Provided data:

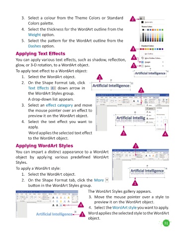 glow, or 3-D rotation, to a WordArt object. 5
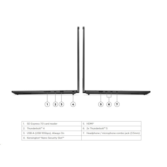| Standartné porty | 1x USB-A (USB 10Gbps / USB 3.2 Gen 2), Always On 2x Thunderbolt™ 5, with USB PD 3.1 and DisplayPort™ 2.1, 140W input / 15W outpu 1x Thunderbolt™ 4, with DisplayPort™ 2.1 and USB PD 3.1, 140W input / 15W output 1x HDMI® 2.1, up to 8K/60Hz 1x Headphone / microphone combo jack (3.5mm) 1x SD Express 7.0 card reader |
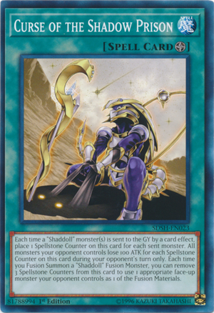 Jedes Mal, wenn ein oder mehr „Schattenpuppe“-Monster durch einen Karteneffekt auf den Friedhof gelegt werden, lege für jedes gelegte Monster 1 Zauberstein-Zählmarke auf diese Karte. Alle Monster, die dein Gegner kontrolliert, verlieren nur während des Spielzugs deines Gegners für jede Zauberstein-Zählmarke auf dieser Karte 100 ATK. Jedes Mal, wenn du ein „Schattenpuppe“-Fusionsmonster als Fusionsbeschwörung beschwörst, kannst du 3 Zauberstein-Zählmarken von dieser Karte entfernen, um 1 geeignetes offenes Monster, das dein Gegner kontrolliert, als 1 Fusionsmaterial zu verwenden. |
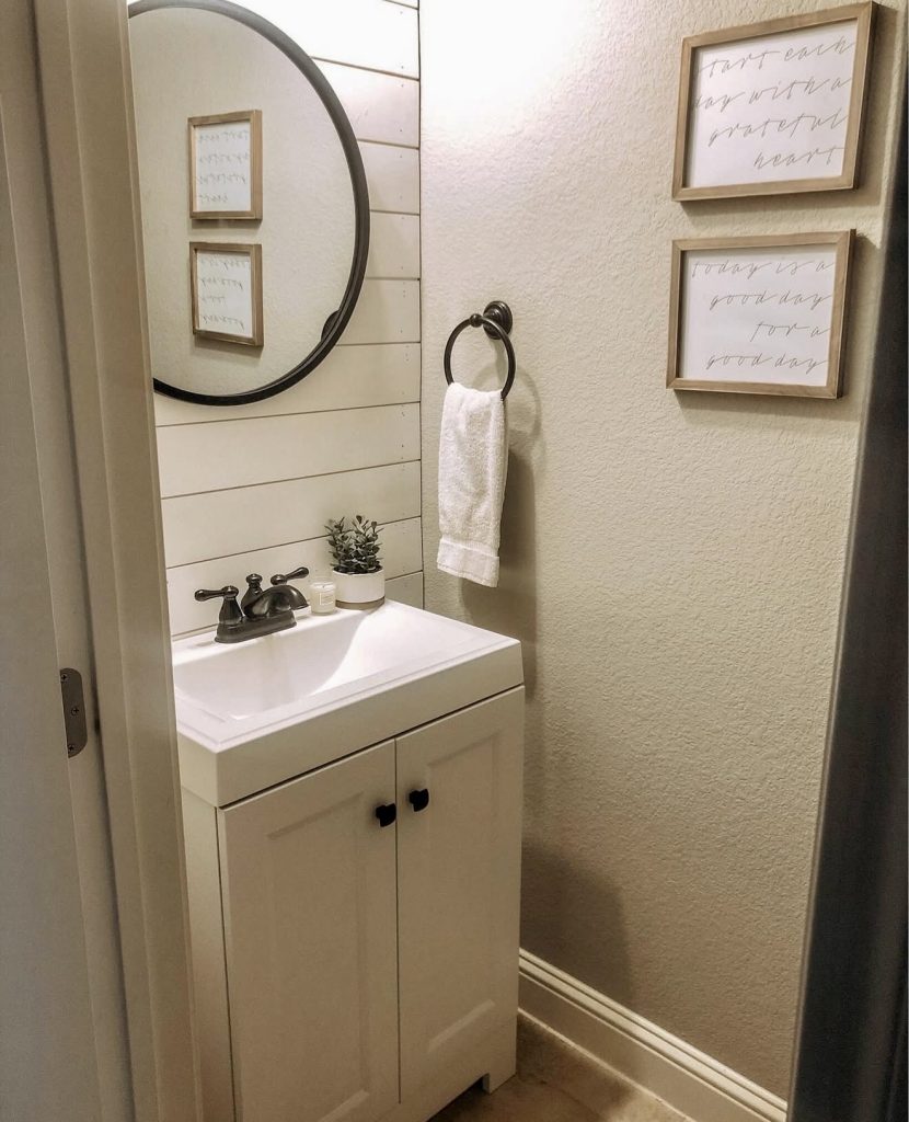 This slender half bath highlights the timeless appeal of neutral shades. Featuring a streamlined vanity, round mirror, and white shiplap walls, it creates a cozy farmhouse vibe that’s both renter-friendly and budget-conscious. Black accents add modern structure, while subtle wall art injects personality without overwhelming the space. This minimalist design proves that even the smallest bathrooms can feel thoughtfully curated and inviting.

--

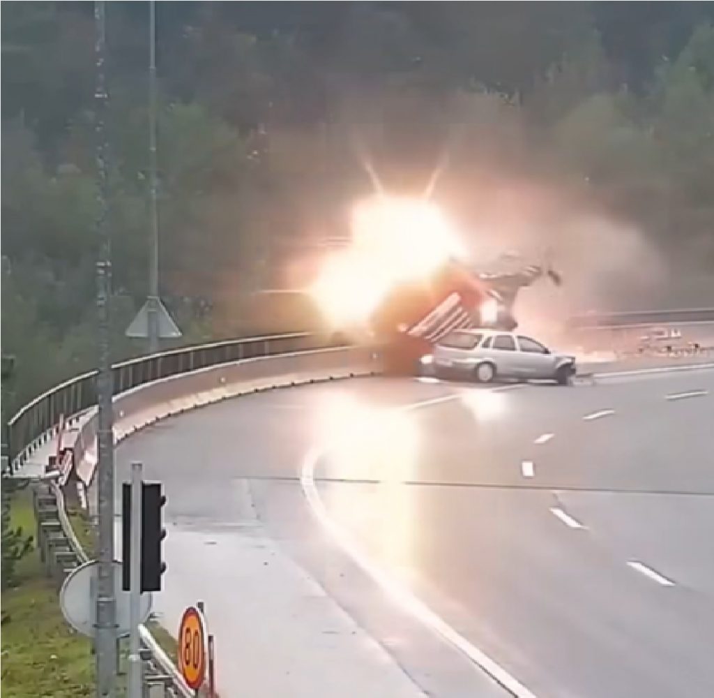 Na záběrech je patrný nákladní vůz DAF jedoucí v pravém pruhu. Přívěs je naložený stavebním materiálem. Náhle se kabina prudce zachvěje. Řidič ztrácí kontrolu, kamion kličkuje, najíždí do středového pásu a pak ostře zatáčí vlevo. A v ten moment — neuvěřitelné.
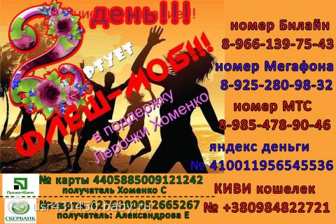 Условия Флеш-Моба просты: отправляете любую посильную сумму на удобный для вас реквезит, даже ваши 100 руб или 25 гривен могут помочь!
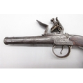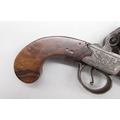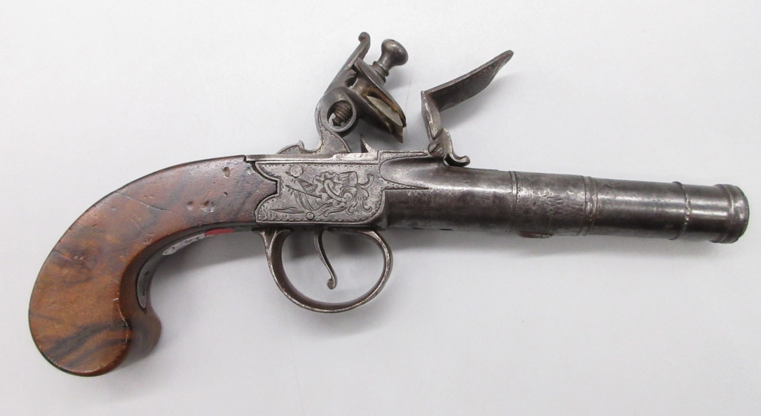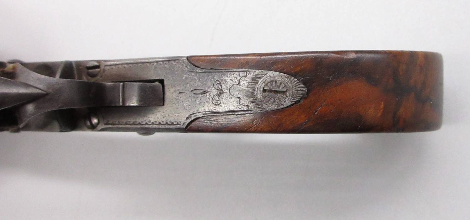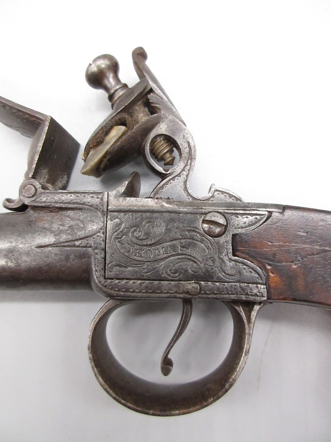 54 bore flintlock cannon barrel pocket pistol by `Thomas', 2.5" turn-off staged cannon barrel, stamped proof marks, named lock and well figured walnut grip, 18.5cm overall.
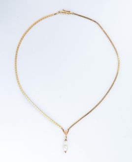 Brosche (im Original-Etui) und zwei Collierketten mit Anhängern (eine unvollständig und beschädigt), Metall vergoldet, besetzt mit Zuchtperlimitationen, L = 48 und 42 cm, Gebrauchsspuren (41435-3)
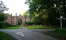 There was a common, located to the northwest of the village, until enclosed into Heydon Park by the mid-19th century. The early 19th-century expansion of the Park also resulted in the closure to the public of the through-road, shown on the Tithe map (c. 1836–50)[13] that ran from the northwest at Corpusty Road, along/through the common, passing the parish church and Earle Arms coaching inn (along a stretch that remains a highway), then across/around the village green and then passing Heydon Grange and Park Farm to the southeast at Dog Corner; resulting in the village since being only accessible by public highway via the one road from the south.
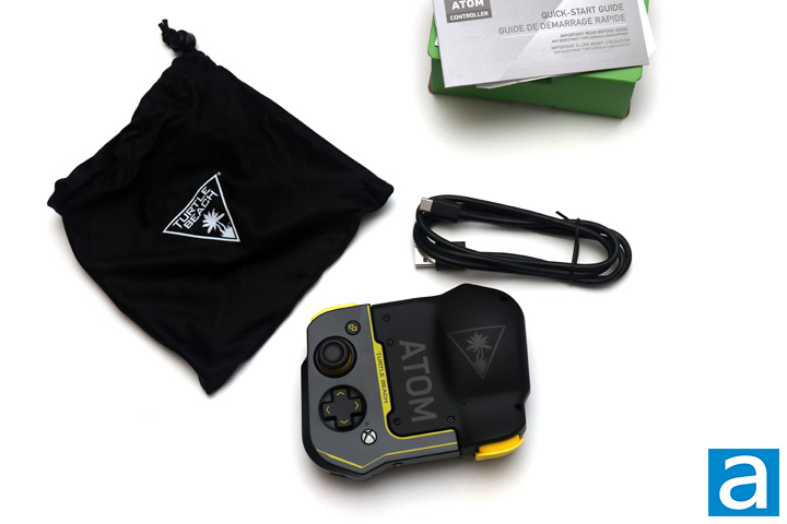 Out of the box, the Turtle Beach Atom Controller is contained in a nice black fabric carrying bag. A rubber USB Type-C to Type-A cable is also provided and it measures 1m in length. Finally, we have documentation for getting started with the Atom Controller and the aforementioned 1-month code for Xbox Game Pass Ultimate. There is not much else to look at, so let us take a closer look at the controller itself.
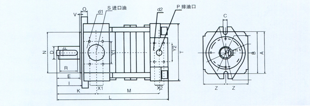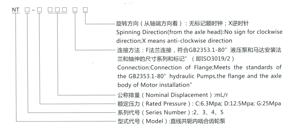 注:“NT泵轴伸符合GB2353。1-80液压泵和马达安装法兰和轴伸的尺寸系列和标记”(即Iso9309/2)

==

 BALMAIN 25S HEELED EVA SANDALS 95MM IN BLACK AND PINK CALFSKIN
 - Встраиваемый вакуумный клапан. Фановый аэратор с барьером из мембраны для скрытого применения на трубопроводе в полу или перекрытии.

Aim of the exercise: Write back the stretch of lines above that begins with the line holding "54 bore flintlock" and ends with the line holding "Brosche (im Original-Etui)", both included, exactly as written. Pictures stay out.

Exercise output:
 54 bore flintlock cannon barrel pocket pistol by `Thomas', 2.5" turn-off staged cannon barrel, stamped proof marks, named lock and well figured walnut grip, 18.5cm overall.
 Brosche (im Original-Etui) und zwei Collierketten mit Anhängern (eine unvollständig und beschädigt), Metall vergoldet, besetzt mit Zuchtperlimitationen, L = 48 und 42 cm, Gebrauchsspuren (41435-3)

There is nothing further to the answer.